Description of the task:
The result is the exact lines from the one containing "25Pcs Mental Health" through the final line of the entries; leave out the pictures.

Supplied entries:
--

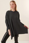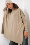 Yandan Yirtmaçli Oversize Panço Triko Kazak
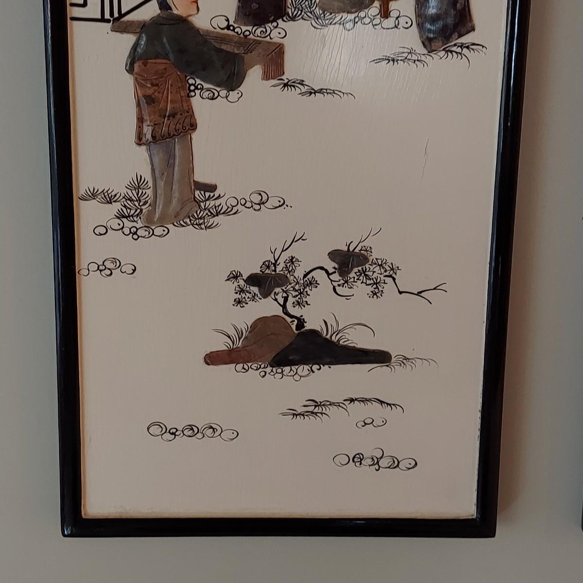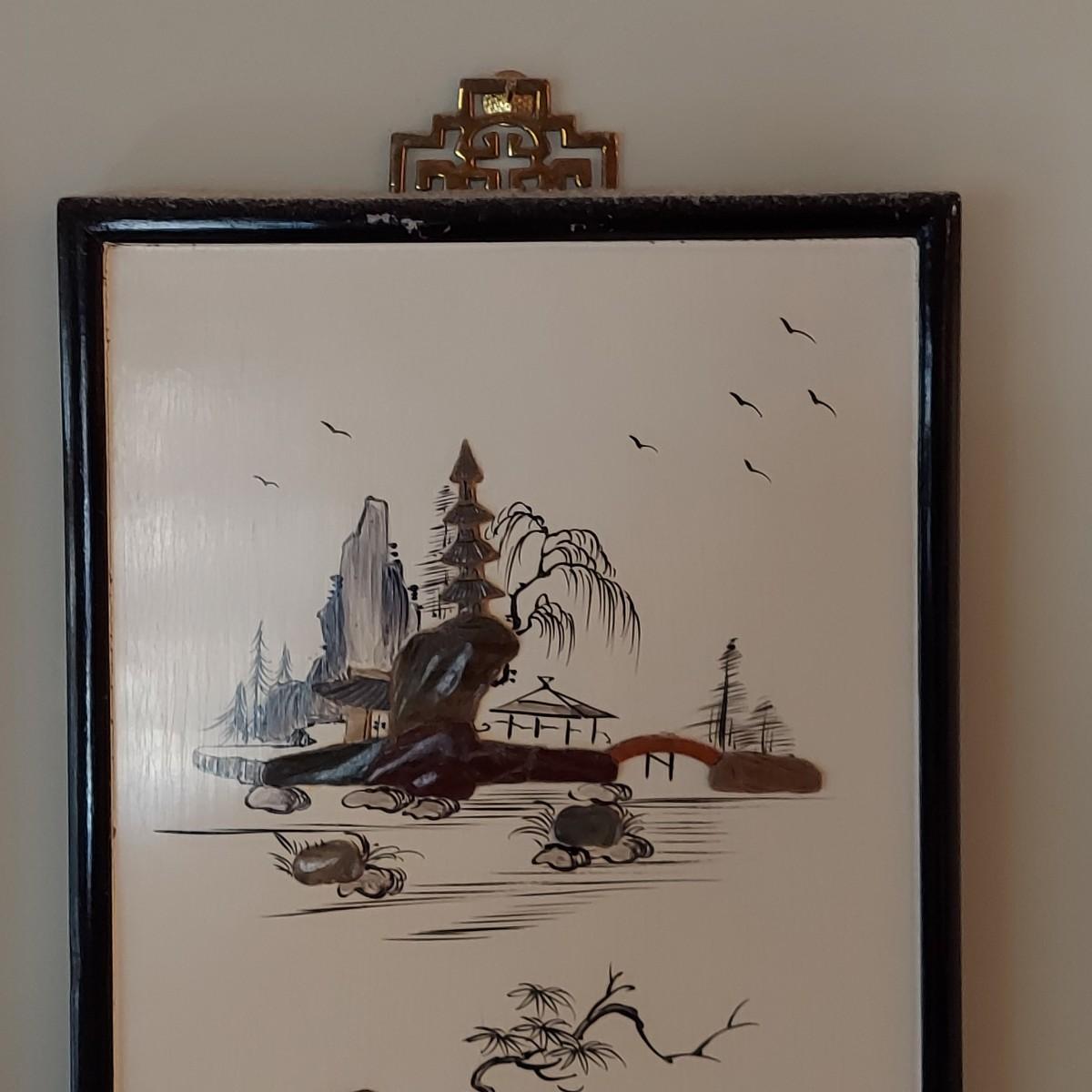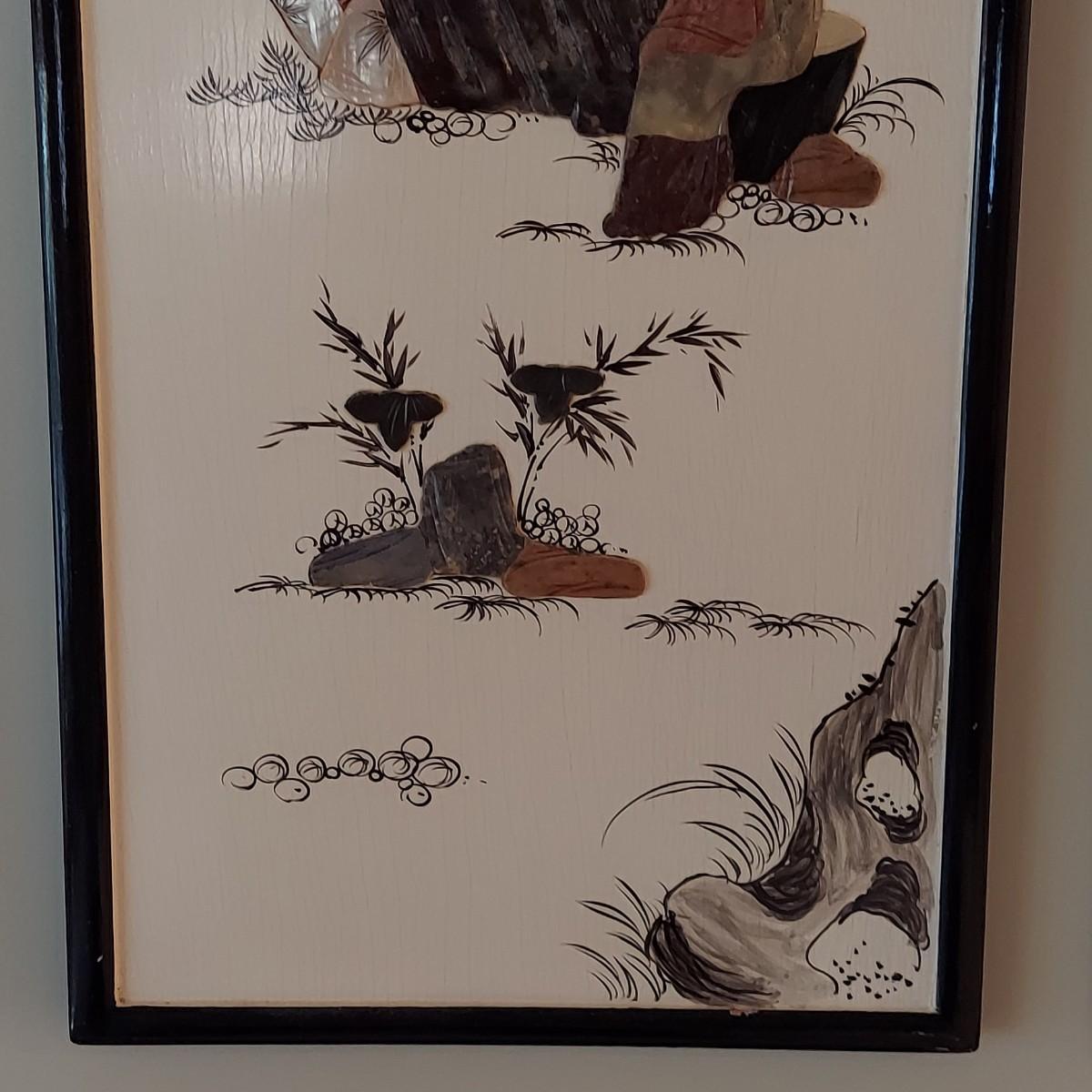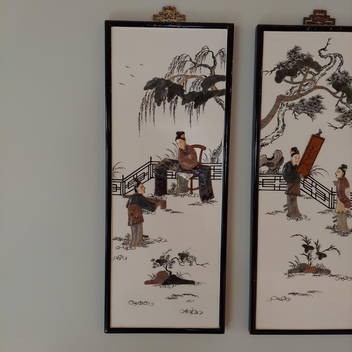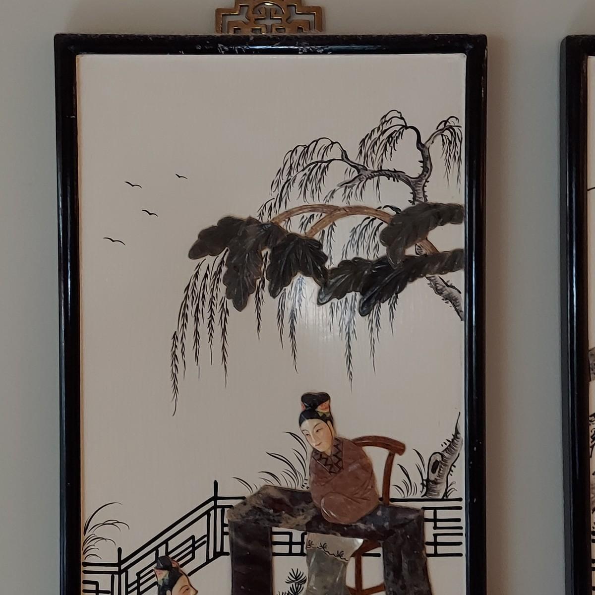 Four wooden panels with wooden frames and brass decorative top hangers. Each is painted and inlaid with what appear to be semi precious stones. Each panel measures 10" x 25"H. Shipping available. Shipping certain items can be costly. We suggest contacting our preferred local shipping provider, Postage Express, with dimensions and getting an estimate before bidding: (828) 670-5501 or postageexpress@yahoo.com.
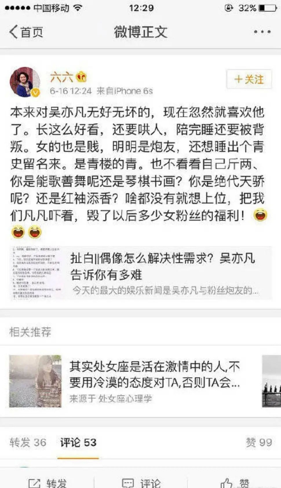 2016年,“小G娜”曝光与吴亦凡“床照”后,一群大V站出来替吴亦凡说话。
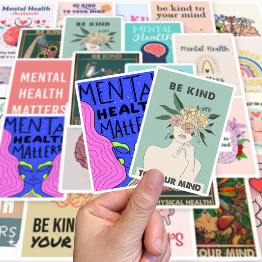 25Pcs Mental Health Awareness Sticker For Phone Cup Bottle Luggage Laptop Fridge Guitar Waterproof Decal Kid Gift Toy Decor
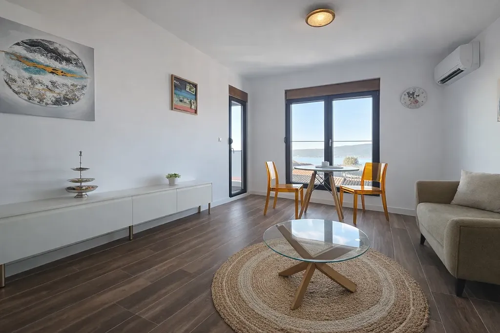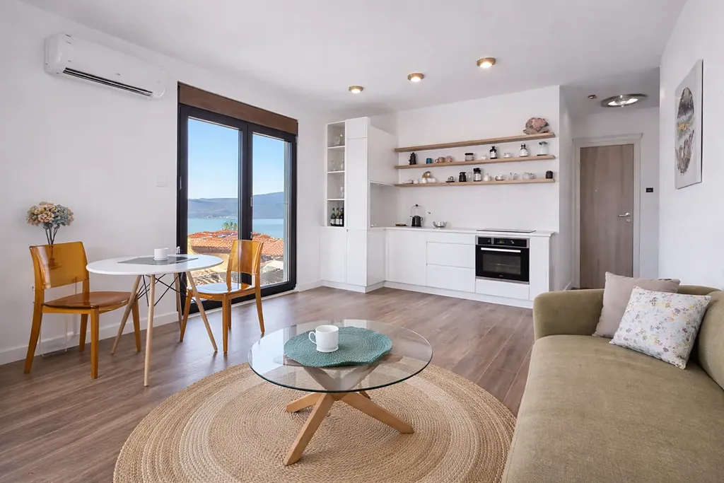 Apartmán je umístěn ve 3. patře moderní budovy a nabízí úchvatný panoramatický výhled na moře a celou Bokokotorskou zátoku. Součástí je soukromá garáž i vlastní parkovací stání, což zajišťuje maximální komfort a bezpečí.
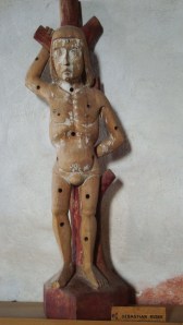 St. Sebastian along the walls of the Catholic church, as he is commonly depicted as tied to a post and shot with arrows (hence the holes)
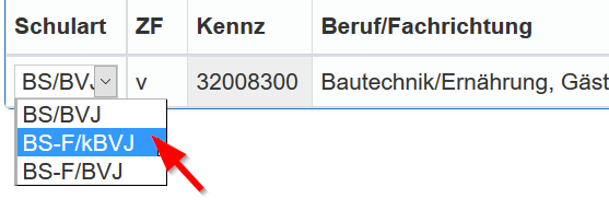 Die Zelle wird mit ENTER bestätigt --> die Zellen Schulart, ZF, Kennziffer sowie BF/Richtung werden automatisch befüllt. Schulart und Zeitform (ZF) können in der Spalte Schulart noch bei einigen Bildungsgängen/Fachrichtungen geändert werden.

--

Solution to this problem:
 25Pcs Mental Health Awareness Sticker For Phone Cup Bottle Luggage Laptop Fridge Guitar Waterproof Decal Kid Gift Toy Decor
 Apartmán je umístěn ve 3. patře moderní budovy a nabízí úchvatný panoramatický výhled na moře a celou Bokokotorskou zátoku. Součástí je soukromá garáž i vlastní parkovací stání, což zajišťuje maximální komfort a bezpečí.
 St. Sebastian along the walls of the Catholic church, as he is commonly depicted as tied to a post and shot with arrows (hence the holes)
 Die Zelle wird mit ENTER bestätigt --> die Zellen Schulart, ZF, Kennziffer sowie BF/Richtung werden automatisch befüllt. Schulart und Zeitform (ZF) können in der Spalte Schulart noch bei einigen Bildungsgängen/Fachrichtungen geändert werden.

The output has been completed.